Dataset:
=======
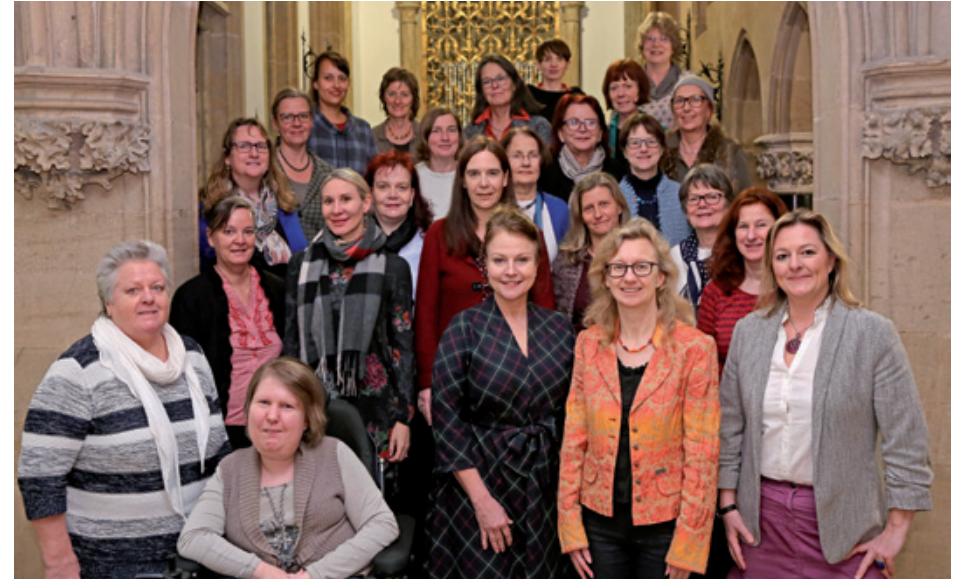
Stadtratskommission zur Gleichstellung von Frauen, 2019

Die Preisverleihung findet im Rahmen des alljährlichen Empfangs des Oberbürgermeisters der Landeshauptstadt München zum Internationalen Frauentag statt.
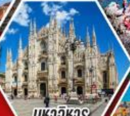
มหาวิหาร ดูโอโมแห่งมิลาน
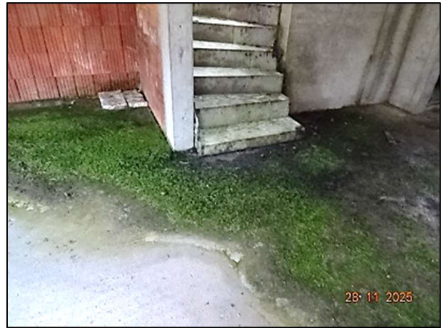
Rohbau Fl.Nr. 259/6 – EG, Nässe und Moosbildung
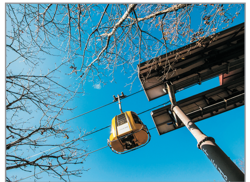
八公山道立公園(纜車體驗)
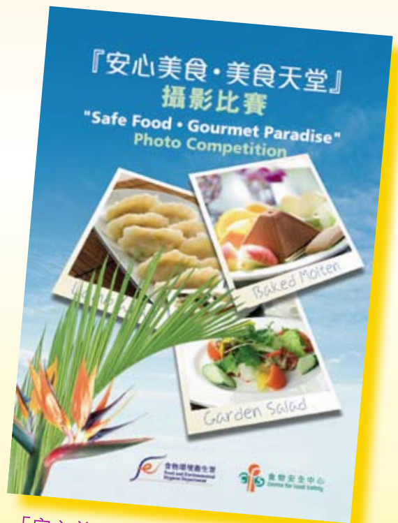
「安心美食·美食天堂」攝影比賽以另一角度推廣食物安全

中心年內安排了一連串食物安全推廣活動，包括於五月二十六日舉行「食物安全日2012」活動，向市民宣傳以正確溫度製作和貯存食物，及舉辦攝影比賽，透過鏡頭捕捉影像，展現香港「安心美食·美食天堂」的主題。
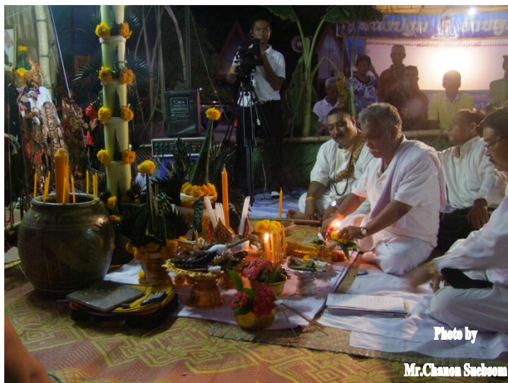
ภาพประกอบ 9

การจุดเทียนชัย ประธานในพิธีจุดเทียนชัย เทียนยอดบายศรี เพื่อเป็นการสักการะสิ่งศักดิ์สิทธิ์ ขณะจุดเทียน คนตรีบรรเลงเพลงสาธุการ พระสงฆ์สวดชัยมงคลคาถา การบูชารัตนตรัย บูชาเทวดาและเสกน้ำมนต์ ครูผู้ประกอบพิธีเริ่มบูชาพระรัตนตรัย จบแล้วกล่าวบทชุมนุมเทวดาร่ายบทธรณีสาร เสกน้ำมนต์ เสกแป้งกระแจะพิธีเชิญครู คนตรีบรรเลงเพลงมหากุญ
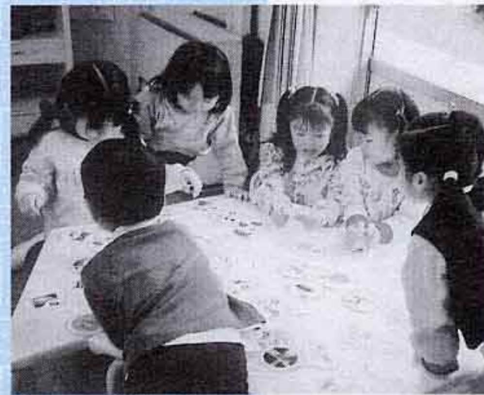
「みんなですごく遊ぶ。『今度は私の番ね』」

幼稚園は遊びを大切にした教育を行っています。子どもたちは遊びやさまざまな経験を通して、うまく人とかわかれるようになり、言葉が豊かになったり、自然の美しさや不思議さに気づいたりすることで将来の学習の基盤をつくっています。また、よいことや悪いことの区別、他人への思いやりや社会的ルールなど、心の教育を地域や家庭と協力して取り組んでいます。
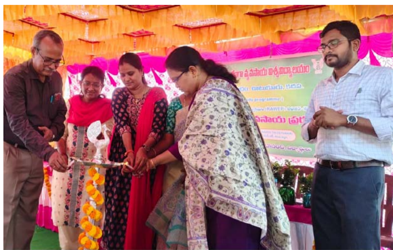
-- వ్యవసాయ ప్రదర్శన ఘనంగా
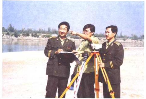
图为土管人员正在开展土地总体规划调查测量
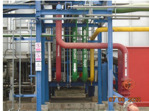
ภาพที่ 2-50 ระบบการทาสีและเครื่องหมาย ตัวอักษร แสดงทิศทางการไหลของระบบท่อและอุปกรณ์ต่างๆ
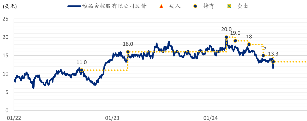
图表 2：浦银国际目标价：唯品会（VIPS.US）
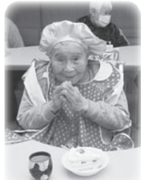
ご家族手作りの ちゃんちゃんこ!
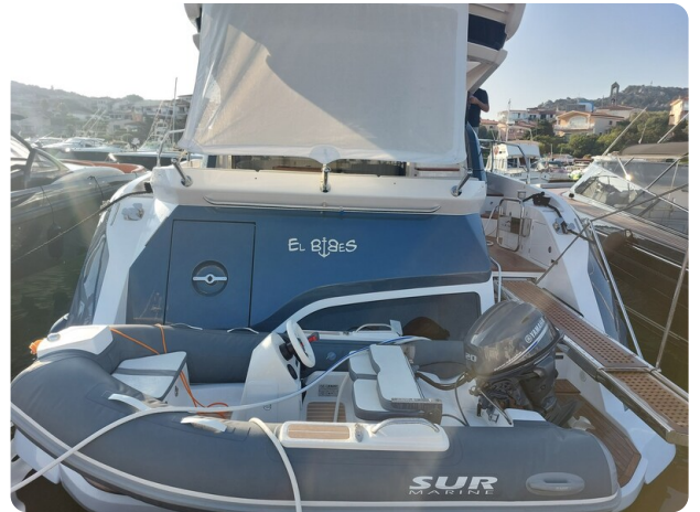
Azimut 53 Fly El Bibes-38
=======
Problem requirements:
Your reply should hold only the lines running from the one with "-- వ్యవసాయ ప్రదర్శన ఘనంగా" to the end of the data above, set down exactly, pictures omitted.

Exercise output:
-- వ్యవసాయ ప్రదర్శన ఘనంగా
图为土管人员正在开展土地总体规划调查测量
ภาพที่ 2-50 ระบบการทาสีและเครื่องหมาย ตัวอักษร แสดงทิศทางการไหลของระบบท่อและอุปกรณ์ต่างๆ
图表 2：浦银国际目标价：唯品会（VIPS.US）
ご家族手作りの ちゃんちゃんこ!
Azimut 53 Fly El Bibes-38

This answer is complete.